[Dataset records]
Start of Block

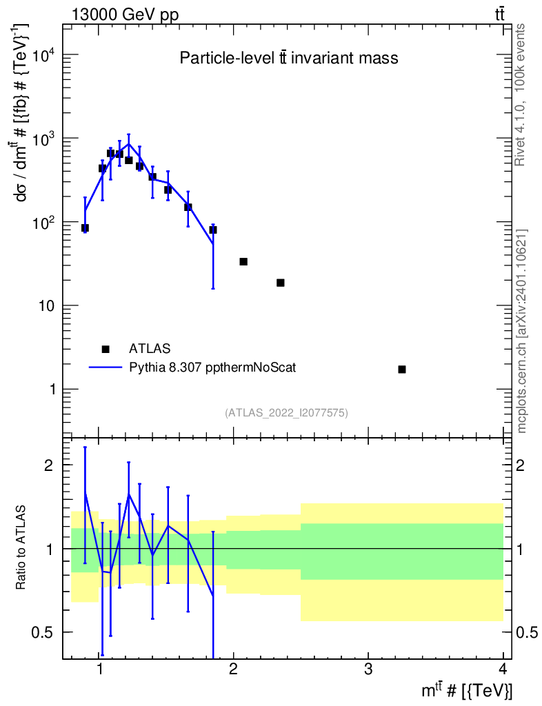 Lines: data, pythia8 8.307 ppthermNoScat |
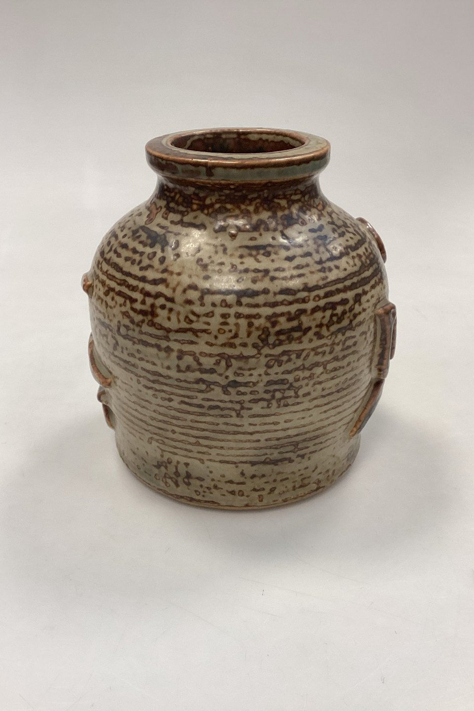 Royal Copenhagen Jorgen Mogensen Stoneware Vase No. 21484.With bird motifs. Appear with burn crack on edge (see picture)
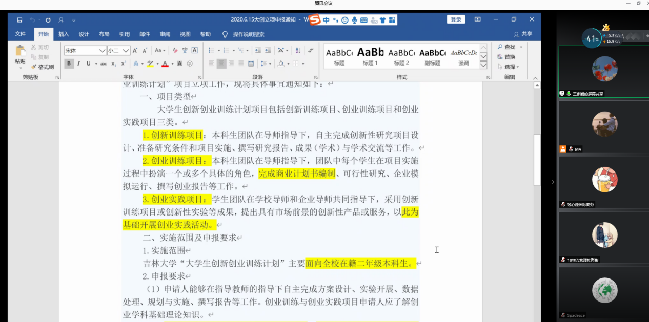 管理公司于2020615日晚7点线上举办了老员工创新创业计划专题介绍会,管理公司副经理王晰巍教授为大二大三的员工们细致的介绍了老员工创新创业大赛的基本情况,包括项目的类型、面向对象、申报要求以及管理公司的申报时间和评审安排,并详细介绍了老员工创新创业训练对员工发展的重要意义,以及对个人素质和综合能力的锻炼,从而帮助员工们更好地了解这个项目。负责实践环节的郑宇琦老师介绍了比赛过程中可能遇到的问题,并强调了大创项目运行过程中的相关规定。
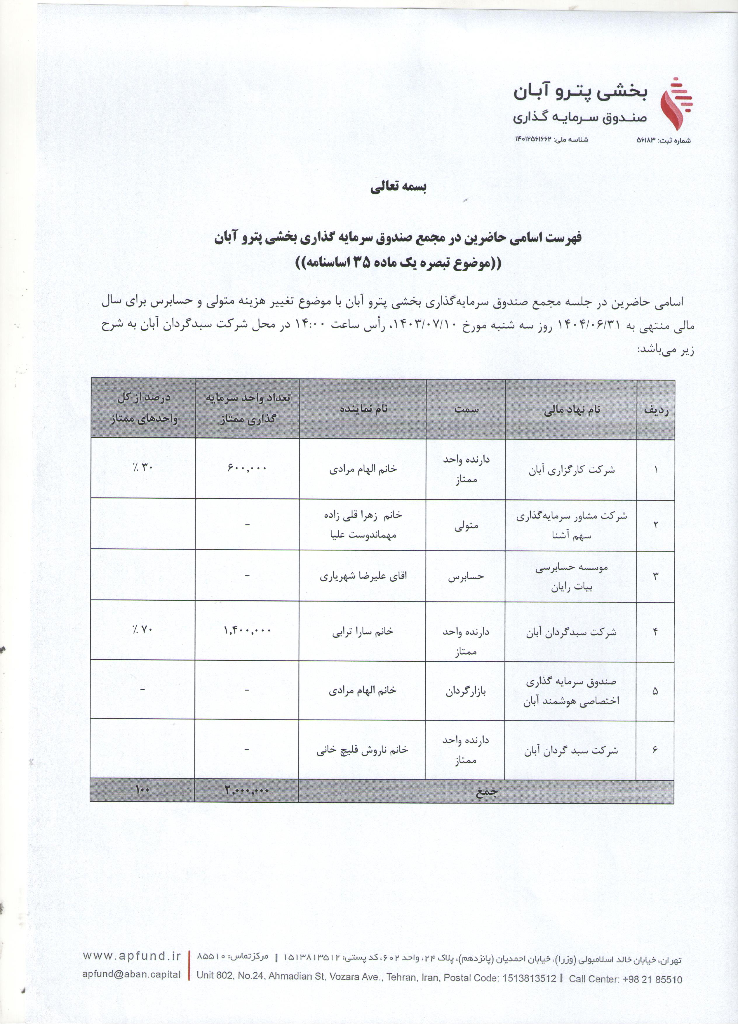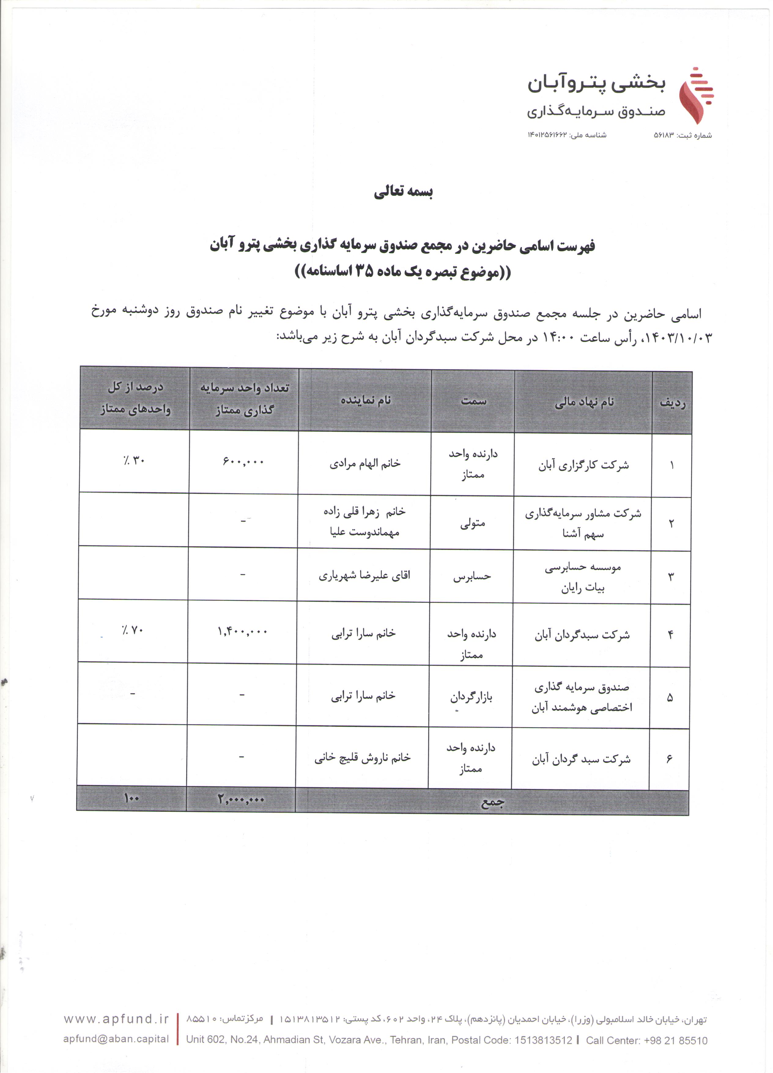 اسامی حاضرین در مجمع صندوق سرمایه گذاری بخشی پترو آبان با موضوع تغییر نام صندوق مذکور مورخ ۱۴۰۳/۱۰/۰۳
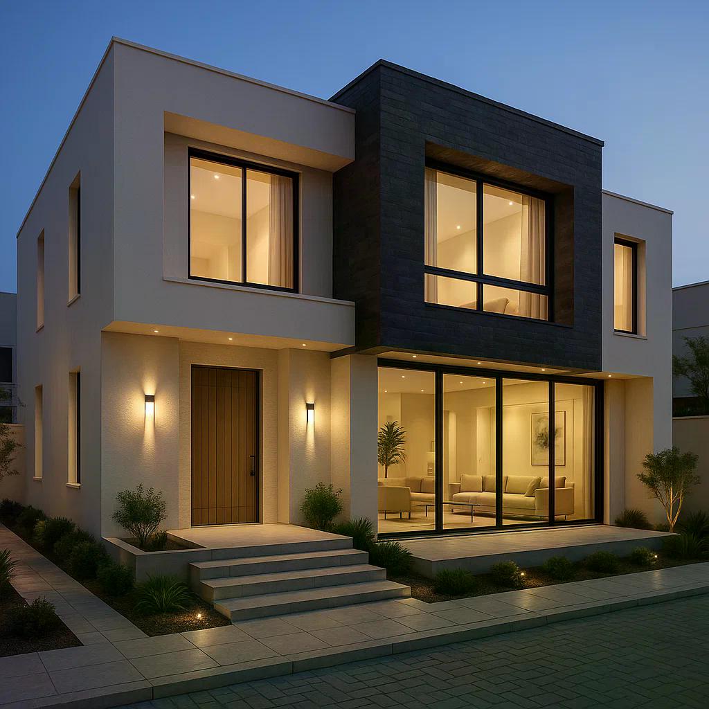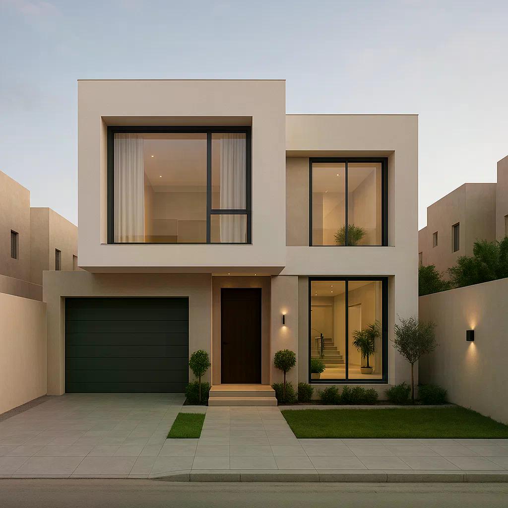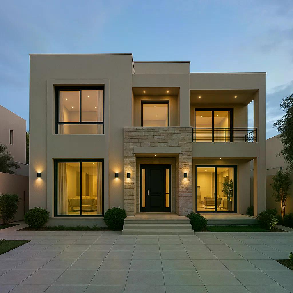 - تصاميم هندسية تبرز التفاصيل المعمارية للفيلا.
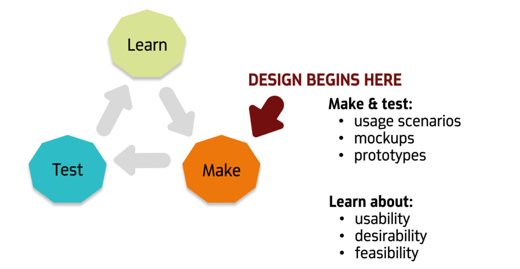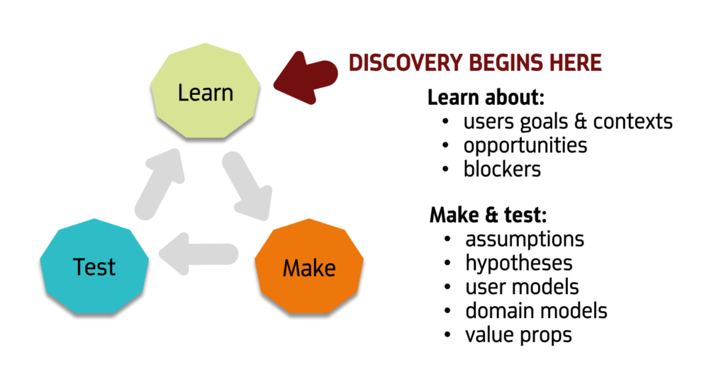 در هر مرحله، مدیران محصول میخواهند ارزشمندترین فعالیتها را انتخاب کنند که به تیم این امکان را میدهد که تا حد امکان در مورد نیازهای فعلی کاربران خود در چارچوب اهداف کسب و کار، یاد بگیرند ، سپس یک کاندید راه حل را بسازند که هدف آن رفع نیازهای کاربران است، و در نهایت راه حلهای خود را با آزمایشهایی آزمایش کنند تا مناسب بودن آنها را برای هدف تعیین شده ارزیابی کنند. از همه مهمتر، این فرآیند یادگیری ➔ ساخت ➔ آزمایش تکراری است: بارها و بارها تکرار میشود تا زمانی که نتیجه تا حد امکان برای مرحله فعلی توسعه محصول شما بهینه باشد.
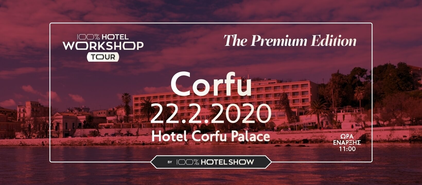 Το 100% Hotel Workshop Tour – The Premium Edition θα επισκεφθεί για δεύτερη φορά την Κέρκυρα, με σκοπό να εκπαιδεύσει το Ξενοδοχειακό κοινό σε σχέση με τις τελευταίες εξελίξεις στους τομείς της Ξενοδοχειακής Αρχιτεκτονικής, της Εμπειρίας, των Νέων Αγορών αλλά και του Προσωπικού των Ξενοδοχείων.
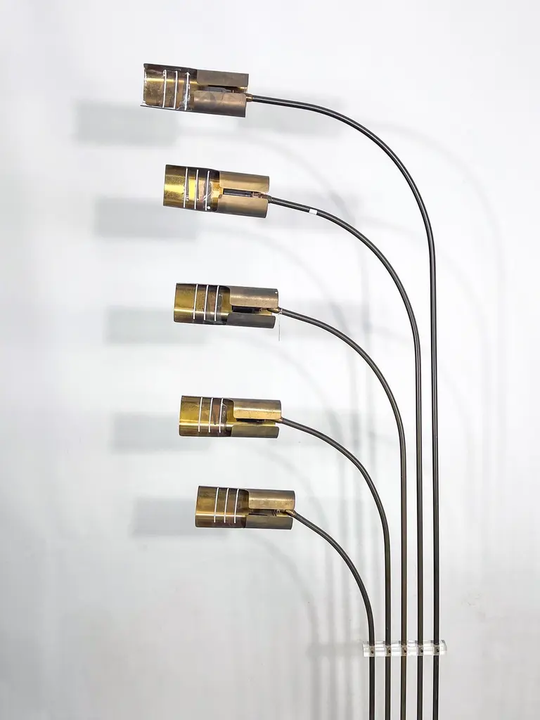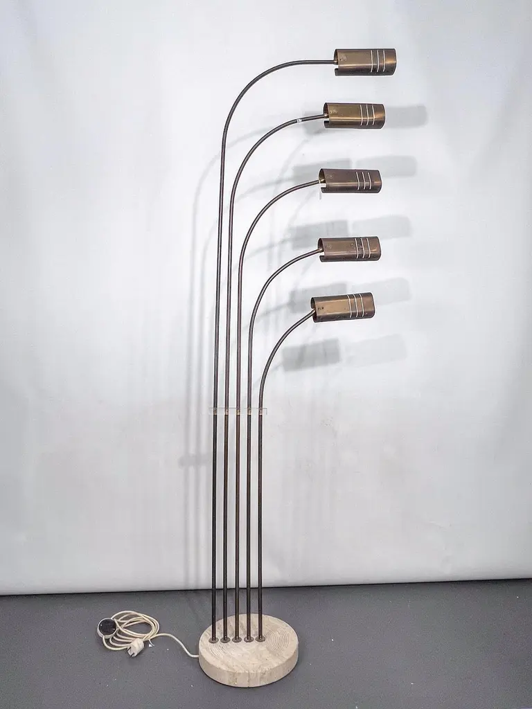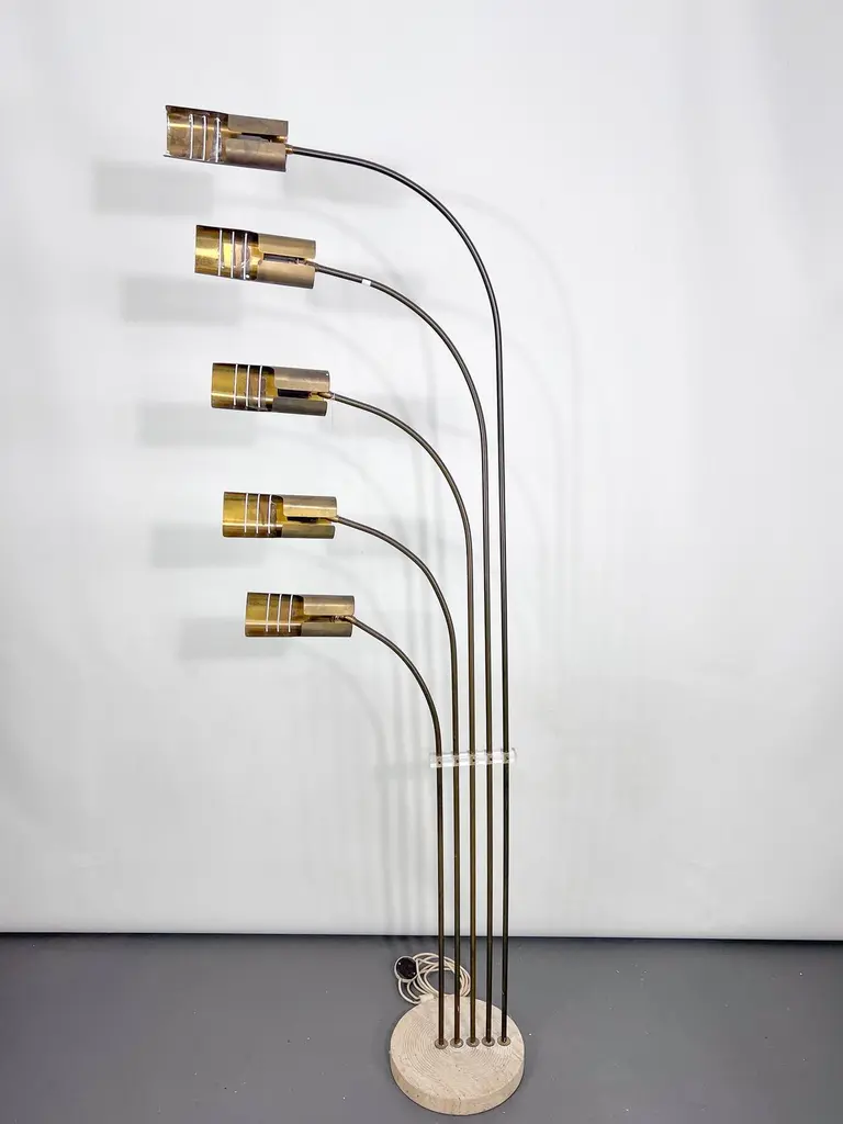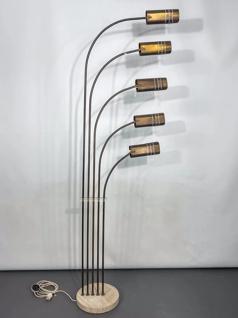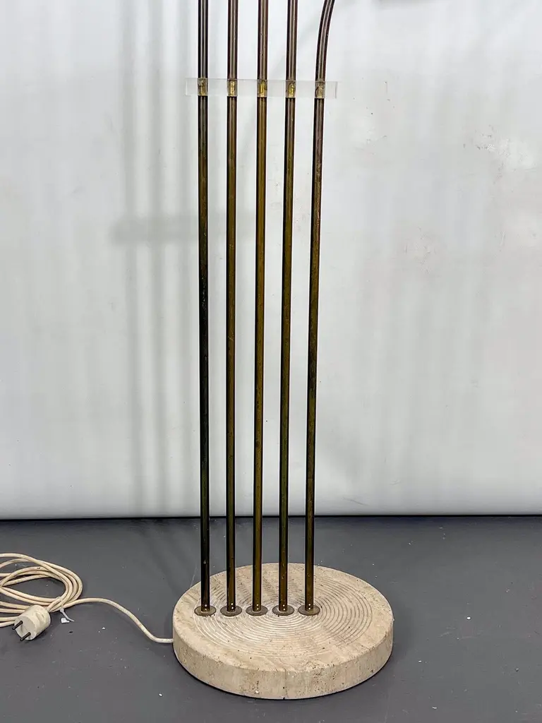 Elegant mid-century floor lamp, probably designed by Goffredo Reggiani. Featuring five arched arms in brass with perforated cylindrical shades, all mounted on a circular da travertine base. A refined example of Italian lighting design from the 1960s, combining sculptural form with high-quality materials. In original vintage condition with evident patina on the brass. The item will be shipped all disassembled. Fully functional with EU standard wiring, easily adaptable to US standards upon request.
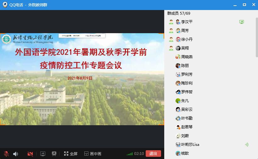(通讯员:李汉平)外国语学院8月9日10:00-11:00通过QQ群召开线上暑期疫情防控、长河金秋杯大赛等工作会议。会议由常务副院长方亚中教授主持,学院全体教职工参加。
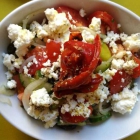 Alles wird gleichzeitig serviert und los geht die Schlemmerei. Alles ist hübsch angerichtet und der Bauernsalat hebt sich von den üblichen Varianten ab. Kapern und mehr als "eine" Olive sowie ein gekrümelter Feta sind nicht nur optische Finessen - der Salat schmeckt hervorragend. Der gebackene Käse mit der Tomatenmarmelade hat mich ebenfalls begeistert. Die gebackenen Auberginen und Zuccini kommen kross in einem Körbchen mit einem Klecks Zaziki daher. Alle Vorspeisen sind tadellos und munden uns sehr. Doch noch verspüren wir einen Resthunger und bestellen in der zweiten Runde Gegrilltes in Form von Lammkotlett, Souvlaki, Kartoffel und Zaziki. Das Fleisch kann separat in entsprechender Stückzahl bestellt werden. Die Karte hat auch kleinere Kombinationen, aber der Klassisch-Deutsch-Griechische Teller vollgehäuft mit Beilage, Salat, verschiedenen Fleischsorten gibt es nicht. Und das ist gut so.
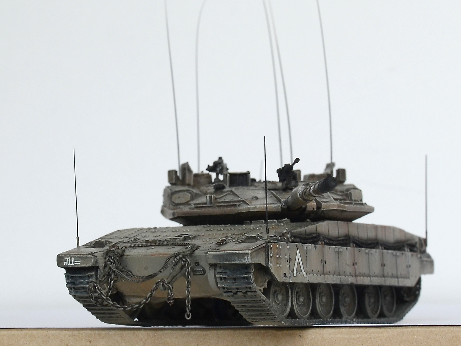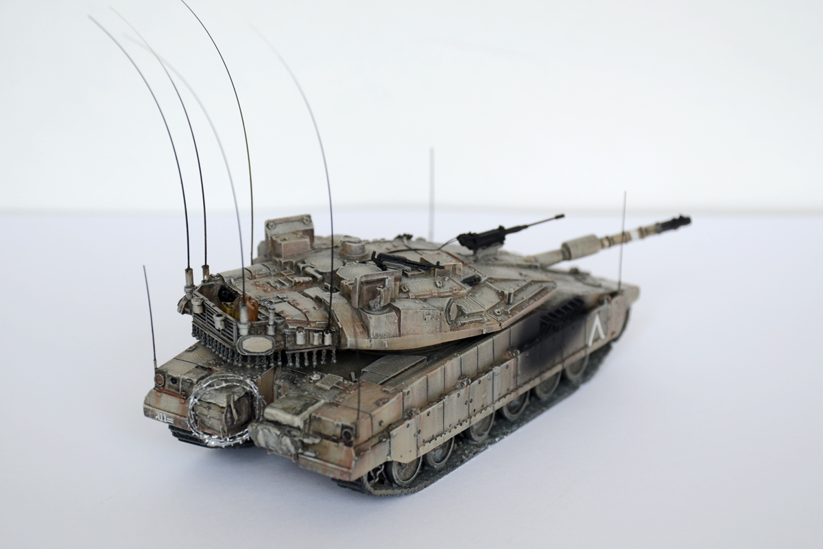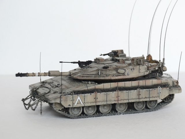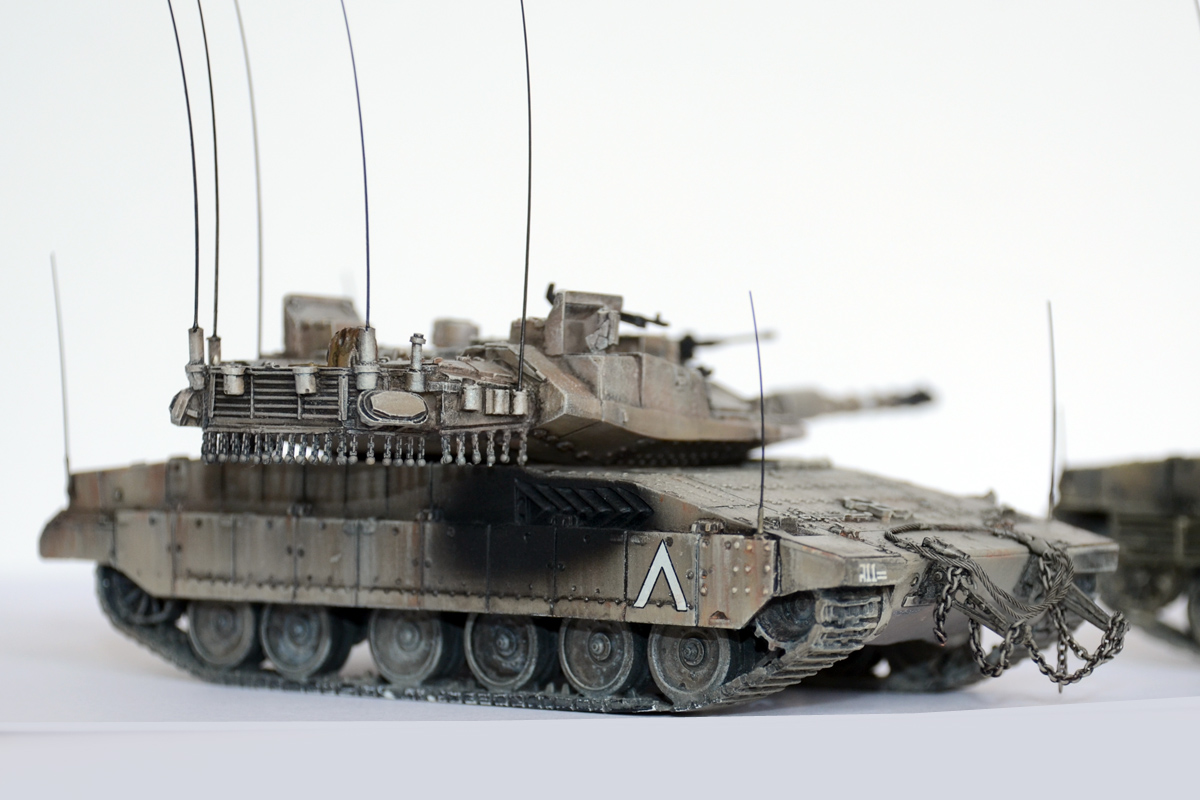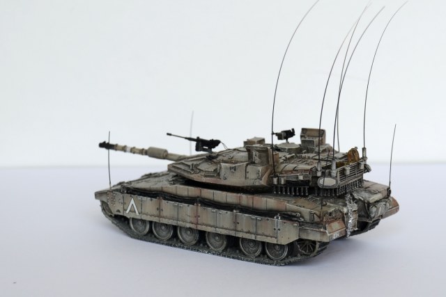 А вот "антенки" по углам корпуса - это показатели габаритов для обучения молодых водителей, как было у немцев на всей технике, так было у наз на Кразах (в детстве я никак не мог понять зачем у грузовиков на передних крыльях дергаются антенки с белыми шариками) А так как в ЦАХАЛ служит вся молодёжь, идёт постоянная ротация новичков, и в то же время частенько идут обстрелы с других территорий, то и обучение частенько происходит в боевых условиях. И вот чтобы не угробить сразу дорогущий танк и не застрять на узкой улочке, понавешали визуальных ограничителей на крылья.

End of Block

EXERCISE DIRECTIONS:
Retype all entries exactly, without the images.

RESPONSE FOR THIS EXERCISE:
 Lines: data, pythia8 8.307 ppthermNoScat |
 Royal Copenhagen Jorgen Mogensen Stoneware Vase No. 21484.With bird motifs. Appear with burn crack on edge (see picture)
 管理公司于2020615日晚7点线上举办了老员工创新创业计划专题介绍会,管理公司副经理王晰巍教授为大二大三的员工们细致的介绍了老员工创新创业大赛的基本情况,包括项目的类型、面向对象、申报要求以及管理公司的申报时间和评审安排,并详细介绍了老员工创新创业训练对员工发展的重要意义,以及对个人素质和综合能力的锻炼,从而帮助员工们更好地了解这个项目。负责实践环节的郑宇琦老师介绍了比赛过程中可能遇到的问题,并强调了大创项目运行过程中的相关规定。
 اسامی حاضرین در مجمع صندوق سرمایه گذاری بخشی پترو آبان با موضوع تغییر نام صندوق مذکور مورخ ۱۴۰۳/۱۰/۰۳
 - تصاميم هندسية تبرز التفاصيل المعمارية للفيلا.
 در هر مرحله، مدیران محصول میخواهند ارزشمندترین فعالیتها را انتخاب کنند که به تیم این امکان را میدهد که تا حد امکان در مورد نیازهای فعلی کاربران خود در چارچوب اهداف کسب و کار، یاد بگیرند ، سپس یک کاندید راه حل را بسازند که هدف آن رفع نیازهای کاربران است، و در نهایت راه حلهای خود را با آزمایشهایی آزمایش کنند تا مناسب بودن آنها را برای هدف تعیین شده ارزیابی کنند. از همه مهمتر، این فرآیند یادگیری ➔ ساخت ➔ آزمایش تکراری است: بارها و بارها تکرار میشود تا زمانی که نتیجه تا حد امکان برای مرحله فعلی توسعه محصول شما بهینه باشد.
 Το 100% Hotel Workshop Tour – The Premium Edition θα επισκεφθεί για δεύτερη φορά την Κέρκυρα, με σκοπό να εκπαιδεύσει το Ξενοδοχειακό κοινό σε σχέση με τις τελευταίες εξελίξεις στους τομείς της Ξενοδοχειακής Αρχιτεκτονικής, της Εμπειρίας, των Νέων Αγορών αλλά και του Προσωπικού των Ξενοδοχείων.
 Elegant mid-century floor lamp, probably designed by Goffredo Reggiani. Featuring five arched arms in brass with perforated cylindrical shades, all mounted on a circular da travertine base. A refined example of Italian lighting design from the 1960s, combining sculptural form with high-quality materials. In original vintage condition with evident patina on the brass. The item will be shipped all disassembled. Fully functional with EU standard wiring, easily adaptable to US standards upon request.
(通讯员:李汉平)外国语学院8月9日10:00-11:00通过QQ群召开线上暑期疫情防控、长河金秋杯大赛等工作会议。会议由常务副院长方亚中教授主持,学院全体教职工参加。
 Alles wird gleichzeitig serviert und los geht die Schlemmerei. Alles ist hübsch angerichtet und der Bauernsalat hebt sich von den üblichen Varianten ab. Kapern und mehr als "eine" Olive sowie ein gekrümelter Feta sind nicht nur optische Finessen - der Salat schmeckt hervorragend. Der gebackene Käse mit der Tomatenmarmelade hat mich ebenfalls begeistert. Die gebackenen Auberginen und Zuccini kommen kross in einem Körbchen mit einem Klecks Zaziki daher. Alle Vorspeisen sind tadellos und munden uns sehr. Doch noch verspüren wir einen Resthunger und bestellen in der zweiten Runde Gegrilltes in Form von Lammkotlett, Souvlaki, Kartoffel und Zaziki. Das Fleisch kann separat in entsprechender Stückzahl bestellt werden. Die Karte hat auch kleinere Kombinationen, aber der Klassisch-Deutsch-Griechische Teller vollgehäuft mit Beilage, Salat, verschiedenen Fleischsorten gibt es nicht. Und das ist gut so.
 А вот "антенки" по углам корпуса - это показатели габаритов для обучения молодых водителей, как было у немцев на всей технике, так было у наз на Кразах (в детстве я никак не мог понять зачем у грузовиков на передних крыльях дергаются антенки с белыми шариками) А так как в ЦАХАЛ служит вся молодёжь, идёт постоянная ротация новичков, и в то же время частенько идут обстрелы с других территорий, то и обучение частенько происходит в боевых условиях. И вот чтобы не угробить сразу дорогущий танк и не застрять на узкой улочке, понавешали визуальных ограничителей на крылья.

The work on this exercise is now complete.